Growing the front-end professional community in Lithuania
Devbridge, a digital product and technology consultancy, has long since prioritized the initiative of establishing a free Sourcery Academy for Front-End programmers. The team is incredibly proud of the graduates' first achievements. Sourcery Academy invites those seeking a career change and open to trying their hand at IT.
Senior programmer Gediminas Stanaitis has been leading the Sourcery Academy for Front-End since returning from the US to work in Kaunas a decade ago. He is convinced that our country has the right environment to grow the IT professional community and find a job that is meaningful for everyone and would also be fun.
When Devbridge started in Chicago more than 13 years ago, you were the only Front-End programmer there at the time. What was your job like in the US?
I have been with Devbridge for over 12 years. When I joined, the company was still very small, and I was the only Front-End programmer. At the time, the most memorable thing working at Devbridge was perhaps the sense of community. The team was very small back then; we were all motivated by the idea and will to prove to everyone that we could do more and better. We were all very happy and proud of each other's achievements, regardless of the project size or work complexity. When I returned to Lithuania, I wasn't disappointed either. Chicago brings back fond memories and will probably always be my second home. I started my family, and my children were born there. It's where I found that real vocation, turning to IT.
When you returned to Lithuania, you brought together the Front-End community and made a significant contribution to establishing the Sourcery Academy for Front-End. How did the idea for a like-minded group and academy come about?
When I returned to Lithuania ten years ago, I saw many curious people who wanted to improve. They wanted to contribute to young people's development and educate young programmers who joined the academy. Over time, as more and more Front-End programmers joined our company, there was a need to introduce certain rules and standards. Thus the Front-End group was born in the company. We currently have more than 40 dedicated Front-End programmers in charge of the UI / UX part of the project.
We founded the academy because we wanted to share our experiences. Each year, we carefully review the academy program with the whole team, ensuring students know everything we do. During the studies, we try to convey to the participants all the good practices and show the work culture and the principles that we follow every day.
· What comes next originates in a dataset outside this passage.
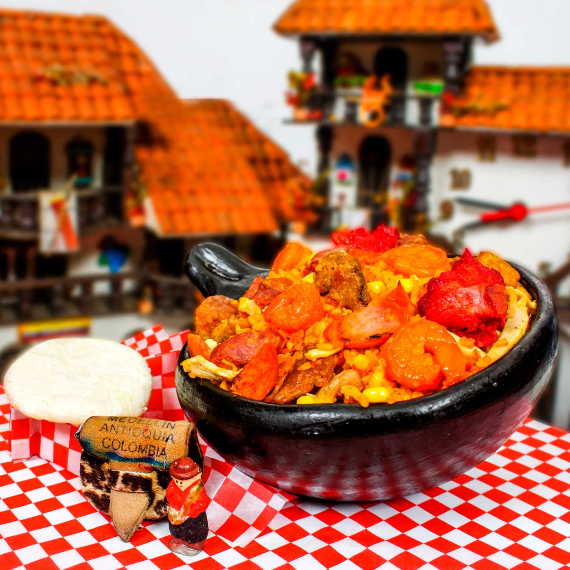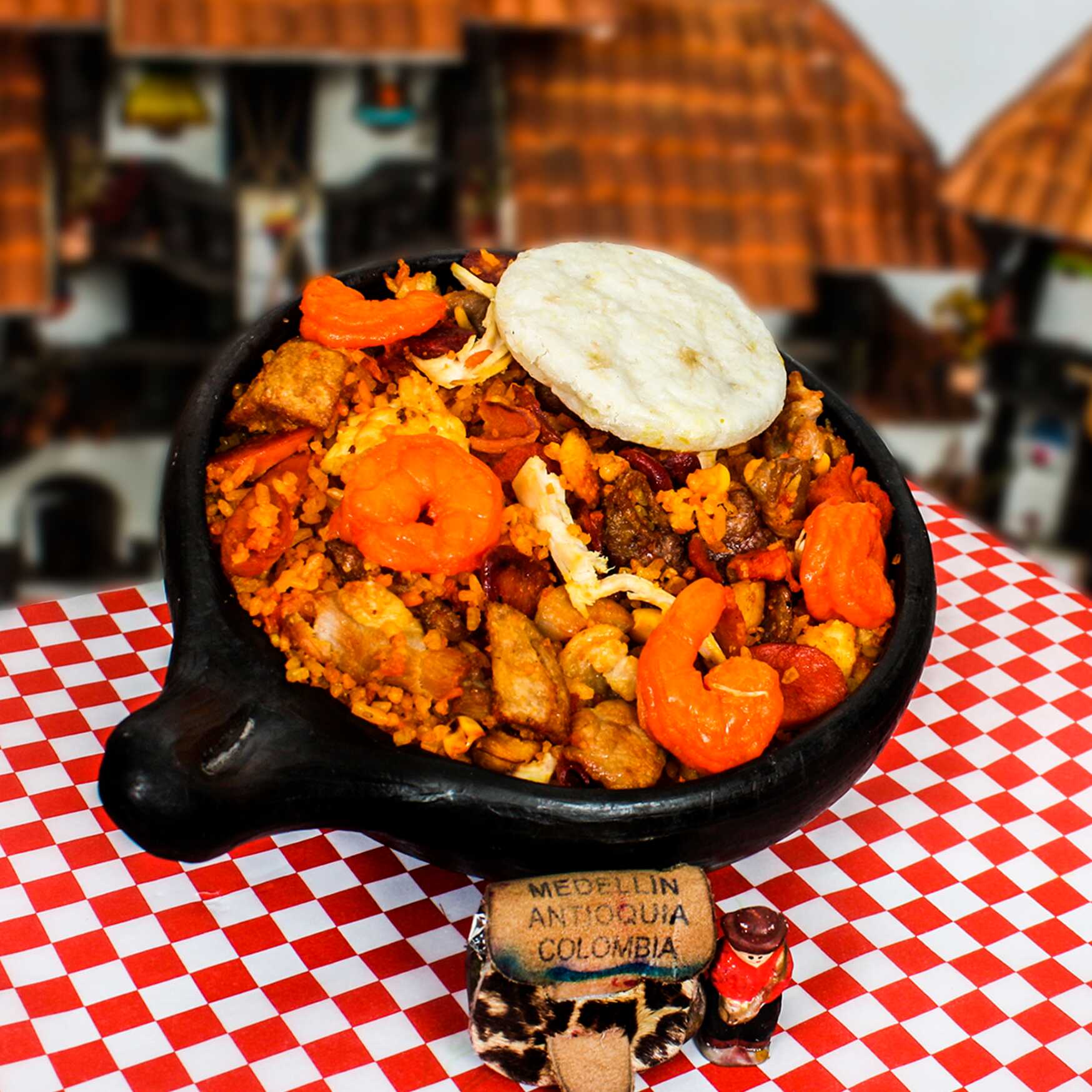 arroz con chicharron,maduro,maiz tierno,salchicha,chorizo,cabano,costilla,cerdo,pollo picado,12 camarones mas 6 arepas

What motivates you the most working with Sourcery Academy students for almost a decade?
Each year, I am amazed at the dedication and willingness of students to attend the academy. It fascinates me and motivates me to continue my academic activities. It is very nice to see that students value the academy and take their studies seriously and responsibly. We adjust the program every year; during the academy, we try to convey the principles of our work and adapt to modern trends.
Within the community, we focus on knowledge sharing and the uptake of new technologies. We organize internal training, have weekly meetings, share our experience, and discuss the latest technologies and trends. These things help grow an even larger community of Front-End programmers, both inside and outside the organization. And for us, the best results are when alumni build successful careers within our company and outside it.
What qualities and skills do you think are needed to start a career in IT?
Technology is changing very fast these days. To stay in the market, you need to update your knowledge constantly. Therefore, a good professional can quickly adapt to the environment and take on new technologies. And for beginners, perhaps the most important thing is curiosity and a desire to do something meaningful. Many IT professionals wish to make an idea functional and attractive to the user, and the greatest compliment is when aesthetics are combined with a technological solution.
Many Front-End programmers come from a completely different field than IT. When one is determined to change professions, what qualities are needed to establish oneself in the Front-End field?
Front-End technologies are easier to understand as they do not require complex work environments. Maybe that is why beginners choose them more often. After gaining practice, one can easily move on to other areas and continue to improve. At the academy, we teach students the basics of Front-End technology. We pay a lot of attention to visual solutions because a good Front-End programmer has to focus on detail and know user interfaces and behaviors.
Today, IT specialists receive many job offers enticed by a proposal to change the organization and the nature of work. What has motivated you to work in the same company for so many years?
I am appreciative and glad that I had and still have the opportunity to watch the company's growth and transformation and further myself as a specialist. From a team of like-minded people, Devbridge has managed to grow into a world-class IT company with more than 600 employees over a number of years. It is gratifying that the values created at the beginning of the company have remained unchanged and that we all actively adhere to them, but we also live them. These values can inspire new people entering the IT field.